# Which is best p2p shareware



## vimalgoyal (Nov 5, 2006)

There are different sites : limewire, morpheus, torrent, rapidshare and so on. Which one is the best and user friendly.


----------



## techtronic (Nov 7, 2006)

Its Limewire Pro v 4.7

I wouldn't suggest you to install the latest versions as they come bundled with some toolbars & others
I am downloading 2 movies per day using it (Of Course its DivX/XviD)


----------



## kinjo (Nov 7, 2006)

limewire has loads of junk files
try ares ...


----------



## amit2005 (Nov 7, 2006)

best is to use rapidshare..u can completely utilise ur banwidth ...torrents..n ..p2p depends upon seeders and peers which changes over a period and ur speed increases or decreases accordingly...


----------



## koolbluez (Nov 7, 2006)

u cant rapidshare multiple files for free... also there is a download limit

Limewire's good. Provided the person on the other side is open & has good bw...

I say go for torrents... use the free, light µTorrent

It's similar to limewire, but i think in the long run, torrent sharing is better, and utilizes more bw... Just my POV...


----------



## Tech Geek (Nov 7, 2006)

limewire is the best

u shud hav kept a poll


----------



## amit2005 (Nov 7, 2006)

koolbluez said:
			
		

> u cant rapidshare multiple files for free... also there is a download limit


ever thought why so much files are on rapidshare not on any other file sharing server..reason...it stays for longer time...plus nothing in the world is ther which can't be cracked..PM me if want to know how i dwnload...do tel me which connection ru using


----------



## Third Eye (Nov 7, 2006)

Limewire is the best,even it's basic version is too fast.


----------



## rohanbee (Nov 17, 2006)

ya but i think limewire has more limitations...........in terms of content...
legal content obviously


----------



## vimalgoyal (Nov 20, 2006)

amit2005 said:
			
		

> ever thought why so much files are on rapidshare not on any other file sharing server..reason...it stays for longer time...plus nothing in the world is ther which can't be cracked..PM me if want to know how i dwnload...do tel me which connection ru using


 
Dear Amit,
Please advise how to download.
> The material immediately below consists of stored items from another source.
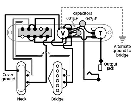 La mise à la terre de la chaîne sur un Tele est généralement effectuée par la plaque de base métallique du pickup de pont en contact avec le pont métallique. Si votre pickup n’a pas de plaque de base métallique, faites passer un fil de terre de chaîne de l’arrière du réservoir de volume à la face inférieure du pont.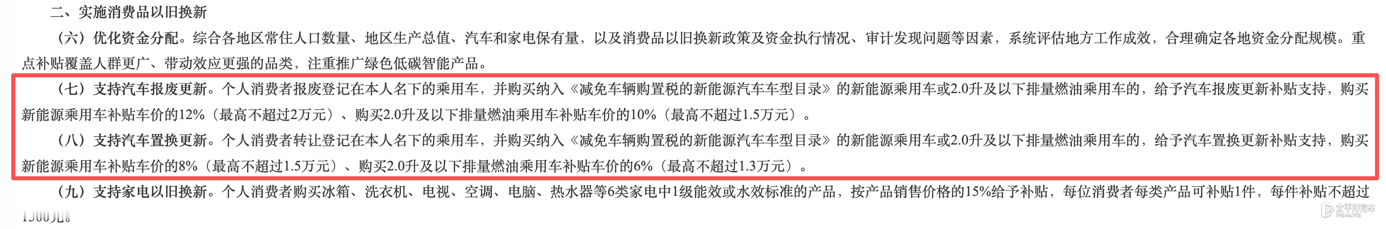 新能源车:车价8%补贴(最高1.5万元)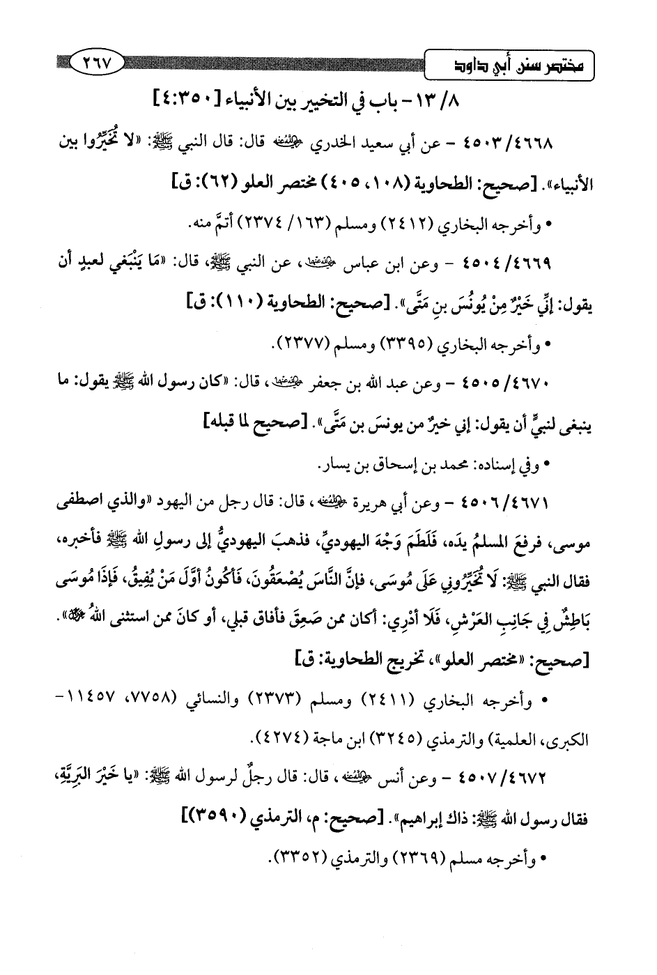 4668/ 4503 - عن أبي سعيد الخدري -رضي اللَّه عنه- قال: قال النبي -صلى اللَّه عليه وسلم-: "لا تُخَيِّرُوا بين الأنبياء".hصحيح: الطحاوية (108، 405) مختصر العلو (62): ق]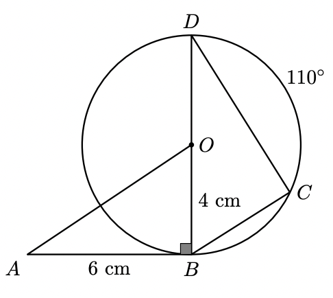 Na figura ao lado, está representada uma circunferência de centro no ponto $O$. Os pontos $B, C$ e $D$ pertencem à circunferência e o ponto $A$ é exterior à circunferência.

I am having broadband connection with 512 Kbps speed.


----------



## overclocker (Nov 21, 2006)

Rapidshare is good one but Limeware is also good. Both of them r too fast.


----------



## aryayush (Nov 21, 2006)

vimalgoyal said:
			
		

> There are different *sites* : limewire, morpheus, torrent, rapidshare and so on. Which one is the best and user friendly.


All of them are not sites. Limewire and Morpheus are clients for file-sharing and connect to the Gnutella and Gnutella2 networks. Torrent is a file which when used with a torrent client, downloads/uploades files from/to the internet. RapidShare is, as you mentioned, a site that allows free hosting of any file.

Now, the best and fastest method of downloading files from the internet is torrents. Search for a torrent file on sites such as Torrentspy.com, The Pirate Bay or Torrent Finder and download the one with the best health. Then use some torrent client to download the files associated with the torrent you downloaded. µTorrent is a good, light and free client.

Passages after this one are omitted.